Investigation of alkaline and thermal stability of alpha-l-arabinofuranosidase produced by directed evolution

Abstract

Alpha-L-arabinofuranosidase (Abf) is a type of glycoside hydrolase that cleaves the α-L-arabinofuranosidic bonds in the polysaccharides with arabinose. There are many ranges of biotechnological application fields of this enzyme such as pulp and paper industry. The purpose of this study is to identify Geobacillus vulcani GS90 by 16S rRNA analysis and to investigate the alkaline and thermal stability of Abf and its mutants produced by error-prone PCR. During this study, firstly, partial 16S rDNA gene was amplified by using universal primers, cloned and sequenced by Sanger method.
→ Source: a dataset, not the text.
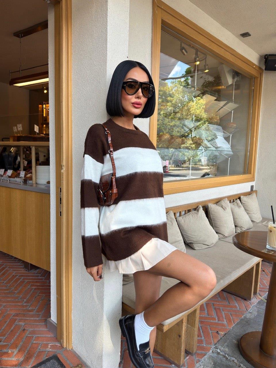 Zr Model Yumoş Renkli Premium Triko - Kahve (S4K1373 - Kahve)

The partial 16S rDNA sequence was analyzed by BLAST and phylogenetic tree was constructed. Secondly, abf and its mutants were cloned and 73 mutants were screened for functional analysis in terms of total proteins. After purification of Abf and its functional mutant enzymes, they were analyzed in terms of stability and activity against three different conditions. They were 70oC- pH 5.0, 71oC- pH 5.0 and 70oC- pH 9.6. It was detected that G. vulcani 3S-1 was the closest strain of G. vulcani GS90. In addition, it could be deduced that L307S and Q90H/L307S mutants were more stable than Abf at 71oC- pH 5.0 and less stable at 70oC- pH 9.6. According to SWISS MODEL analysis, the surrounding residues of 90th and 307th amino acid constructed no hydrogen bonds in Abf, two hydrogen bonds in Q90H/L307S and three hydrogen bonds in L307S. Moreover, it was detected that these mutants had both a longer β-strain and more number of β-strains than Abf. Finally, the predicted solvent accessibilities of Abf, Q90H/L307S and L307S were investigated and it was deduced that relocations of R447 and some asparagines could have affected the alkaline stability of them.